[Records from a dataset]

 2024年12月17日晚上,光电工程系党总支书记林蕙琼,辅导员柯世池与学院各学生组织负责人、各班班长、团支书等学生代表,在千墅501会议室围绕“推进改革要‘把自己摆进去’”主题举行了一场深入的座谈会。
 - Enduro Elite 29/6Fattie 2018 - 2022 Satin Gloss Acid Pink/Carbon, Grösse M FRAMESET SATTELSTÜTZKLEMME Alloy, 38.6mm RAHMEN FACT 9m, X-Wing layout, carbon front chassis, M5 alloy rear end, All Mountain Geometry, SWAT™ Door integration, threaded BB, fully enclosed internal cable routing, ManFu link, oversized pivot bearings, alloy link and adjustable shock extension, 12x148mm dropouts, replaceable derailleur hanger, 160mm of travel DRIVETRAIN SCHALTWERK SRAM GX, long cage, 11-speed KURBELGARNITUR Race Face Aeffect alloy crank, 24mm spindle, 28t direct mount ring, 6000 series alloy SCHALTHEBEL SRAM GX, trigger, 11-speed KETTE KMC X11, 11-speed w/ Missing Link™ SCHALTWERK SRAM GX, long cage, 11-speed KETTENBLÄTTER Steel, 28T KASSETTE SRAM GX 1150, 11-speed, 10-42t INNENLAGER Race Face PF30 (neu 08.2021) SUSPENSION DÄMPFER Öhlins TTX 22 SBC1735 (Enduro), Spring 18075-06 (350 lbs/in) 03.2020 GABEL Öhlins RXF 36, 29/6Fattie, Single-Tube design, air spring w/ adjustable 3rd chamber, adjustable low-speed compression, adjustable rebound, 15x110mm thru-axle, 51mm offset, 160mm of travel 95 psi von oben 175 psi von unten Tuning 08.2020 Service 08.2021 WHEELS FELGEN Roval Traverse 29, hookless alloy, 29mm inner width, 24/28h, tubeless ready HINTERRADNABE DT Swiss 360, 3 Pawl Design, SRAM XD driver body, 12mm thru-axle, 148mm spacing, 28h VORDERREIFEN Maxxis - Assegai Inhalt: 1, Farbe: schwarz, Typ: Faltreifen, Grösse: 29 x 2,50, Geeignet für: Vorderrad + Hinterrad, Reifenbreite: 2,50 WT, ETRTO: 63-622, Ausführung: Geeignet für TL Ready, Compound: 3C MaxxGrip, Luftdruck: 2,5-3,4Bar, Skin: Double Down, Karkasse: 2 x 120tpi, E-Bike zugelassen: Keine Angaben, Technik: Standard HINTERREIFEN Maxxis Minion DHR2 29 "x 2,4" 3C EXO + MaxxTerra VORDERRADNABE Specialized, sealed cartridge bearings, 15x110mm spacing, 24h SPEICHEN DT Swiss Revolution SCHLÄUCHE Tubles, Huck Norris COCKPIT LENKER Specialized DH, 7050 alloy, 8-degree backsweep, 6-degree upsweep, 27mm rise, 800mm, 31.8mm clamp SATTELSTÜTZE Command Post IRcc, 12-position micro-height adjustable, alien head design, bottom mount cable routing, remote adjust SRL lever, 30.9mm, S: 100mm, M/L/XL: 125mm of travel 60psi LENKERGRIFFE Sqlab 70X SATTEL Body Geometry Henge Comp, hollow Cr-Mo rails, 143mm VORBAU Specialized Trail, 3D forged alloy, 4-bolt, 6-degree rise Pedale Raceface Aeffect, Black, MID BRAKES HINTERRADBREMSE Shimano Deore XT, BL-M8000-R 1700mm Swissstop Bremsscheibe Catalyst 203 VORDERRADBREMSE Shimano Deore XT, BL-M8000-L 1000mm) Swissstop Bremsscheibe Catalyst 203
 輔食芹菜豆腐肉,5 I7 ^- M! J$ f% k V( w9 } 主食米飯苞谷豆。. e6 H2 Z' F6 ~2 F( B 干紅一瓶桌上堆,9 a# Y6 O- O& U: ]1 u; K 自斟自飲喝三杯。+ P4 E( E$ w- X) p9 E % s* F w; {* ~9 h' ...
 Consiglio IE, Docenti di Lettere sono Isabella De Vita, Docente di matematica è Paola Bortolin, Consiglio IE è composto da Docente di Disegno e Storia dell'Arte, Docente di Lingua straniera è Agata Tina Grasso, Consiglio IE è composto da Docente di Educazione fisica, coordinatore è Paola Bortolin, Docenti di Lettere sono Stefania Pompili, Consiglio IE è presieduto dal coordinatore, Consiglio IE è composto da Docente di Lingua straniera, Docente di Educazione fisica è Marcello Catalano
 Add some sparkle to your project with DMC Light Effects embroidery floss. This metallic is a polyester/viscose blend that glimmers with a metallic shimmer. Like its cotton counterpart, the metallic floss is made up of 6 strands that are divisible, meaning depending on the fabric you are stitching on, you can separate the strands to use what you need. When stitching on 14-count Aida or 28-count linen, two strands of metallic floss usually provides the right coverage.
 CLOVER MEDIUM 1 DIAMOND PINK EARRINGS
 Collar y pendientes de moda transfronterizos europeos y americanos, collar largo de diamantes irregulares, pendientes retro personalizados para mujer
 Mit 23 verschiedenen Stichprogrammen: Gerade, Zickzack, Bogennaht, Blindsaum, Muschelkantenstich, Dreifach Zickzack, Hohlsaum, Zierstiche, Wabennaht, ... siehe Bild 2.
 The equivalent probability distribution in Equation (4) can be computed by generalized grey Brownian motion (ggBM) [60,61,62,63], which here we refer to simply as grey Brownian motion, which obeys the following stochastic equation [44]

### Work to complete
Repeat each record word for word.

### Answer to the problem
 2024年12月17日晚上,光电工程系党总支书记林蕙琼,辅导员柯世池与学院各学生组织负责人、各班班长、团支书等学生代表,在千墅501会议室围绕“推进改革要‘把自己摆进去’”主题举行了一场深入的座谈会。
 - Enduro Elite 29/6Fattie 2018 - 2022 Satin Gloss Acid Pink/Carbon, Grösse M FRAMESET SATTELSTÜTZKLEMME Alloy, 38.6mm RAHMEN FACT 9m, X-Wing layout, carbon front chassis, M5 alloy rear end, All Mountain Geometry, SWAT™ Door integration, threaded BB, fully enclosed internal cable routing, ManFu link, oversized pivot bearings, alloy link and adjustable shock extension, 12x148mm dropouts, replaceable derailleur hanger, 160mm of travel DRIVETRAIN SCHALTWERK SRAM GX, long cage, 11-speed KURBELGARNITUR Race Face Aeffect alloy crank, 24mm spindle, 28t direct mount ring, 6000 series alloy SCHALTHEBEL SRAM GX, trigger, 11-speed KETTE KMC X11, 11-speed w/ Missing Link™ SCHALTWERK SRAM GX, long cage, 11-speed KETTENBLÄTTER Steel, 28T KASSETTE SRAM GX 1150, 11-speed, 10-42t INNENLAGER Race Face PF30 (neu 08.2021) SUSPENSION DÄMPFER Öhlins TTX 22 SBC1735 (Enduro), Spring 18075-06 (350 lbs/in) 03.2020 GABEL Öhlins RXF 36, 29/6Fattie, Single-Tube design, air spring w/ adjustable 3rd chamber, adjustable low-speed compression, adjustable rebound, 15x110mm thru-axle, 51mm offset, 160mm of travel 95 psi von oben 175 psi von unten Tuning 08.2020 Service 08.2021 WHEELS FELGEN Roval Traverse 29, hookless alloy, 29mm inner width, 24/28h, tubeless ready HINTERRADNABE DT Swiss 360, 3 Pawl Design, SRAM XD driver body, 12mm thru-axle, 148mm spacing, 28h VORDERREIFEN Maxxis - Assegai Inhalt: 1, Farbe: schwarz, Typ: Faltreifen, Grösse: 29 x 2,50, Geeignet für: Vorderrad + Hinterrad, Reifenbreite: 2,50 WT, ETRTO: 63-622, Ausführung: Geeignet für TL Ready, Compound: 3C MaxxGrip, Luftdruck: 2,5-3,4Bar, Skin: Double Down, Karkasse: 2 x 120tpi, E-Bike zugelassen: Keine Angaben, Technik: Standard HINTERREIFEN Maxxis Minion DHR2 29 "x 2,4" 3C EXO + MaxxTerra VORDERRADNABE Specialized, sealed cartridge bearings, 15x110mm spacing, 24h SPEICHEN DT Swiss Revolution SCHLÄUCHE Tubles, Huck Norris COCKPIT LENKER Specialized DH, 7050 alloy, 8-degree backsweep, 6-degree upsweep, 27mm rise, 800mm, 31.8mm clamp SATTELSTÜTZE Command Post IRcc, 12-position micro-height adjustable, alien head design, bottom mount cable routing, remote adjust SRL lever, 30.9mm, S: 100mm, M/L/XL: 125mm of travel 60psi LENKERGRIFFE Sqlab 70X SATTEL Body Geometry Henge Comp, hollow Cr-Mo rails, 143mm VORBAU Specialized Trail, 3D forged alloy, 4-bolt, 6-degree rise Pedale Raceface Aeffect, Black, MID BRAKES HINTERRADBREMSE Shimano Deore XT, BL-M8000-R 1700mm Swissstop Bremsscheibe Catalyst 203 VORDERRADBREMSE Shimano Deore XT, BL-M8000-L 1000mm) Swissstop Bremsscheibe Catalyst 203
 輔食芹菜豆腐肉,5 I7 ^- M! J$ f% k V( w9 } 主食米飯苞谷豆。. e6 H2 Z' F6 ~2 F( B 干紅一瓶桌上堆,9 a# Y6 O- O& U: ]1 u; K 自斟自飲喝三杯。+ P4 E( E$ w- X) p9 E % s* F w; {* ~9 h' ...
 Consiglio IE, Docenti di Lettere sono Isabella De Vita, Docente di matematica è Paola Bortolin, Consiglio IE è composto da Docente di Disegno e Storia dell'Arte, Docente di Lingua straniera è Agata Tina Grasso, Consiglio IE è composto da Docente di Educazione fisica, coordinatore è Paola Bortolin, Docenti di Lettere sono Stefania Pompili, Consiglio IE è presieduto dal coordinatore, Consiglio IE è composto da Docente di Lingua straniera, Docente di Educazione fisica è Marcello Catalano
 Add some sparkle to your project with DMC Light Effects embroidery floss. This metallic is a polyester/viscose blend that glimmers with a metallic shimmer. Like its cotton counterpart, the metallic floss is made up of 6 strands that are divisible, meaning depending on the fabric you are stitching on, you can separate the strands to use what you need. When stitching on 14-count Aida or 28-count linen, two strands of metallic floss usually provides the right coverage.
 CLOVER MEDIUM 1 DIAMOND PINK EARRINGS
 Collar y pendientes de moda transfronterizos europeos y americanos, collar largo de diamantes irregulares, pendientes retro personalizados para mujer
 Mit 23 verschiedenen Stichprogrammen: Gerade, Zickzack, Bogennaht, Blindsaum, Muschelkantenstich, Dreifach Zickzack, Hohlsaum, Zierstiche, Wabennaht, ... siehe Bild 2.
 The equivalent probability distribution in Equation (4) can be computed by generalized grey Brownian motion (ggBM) [60,61,62,63], which here we refer to simply as grey Brownian motion, which obeys the following stochastic equation [44]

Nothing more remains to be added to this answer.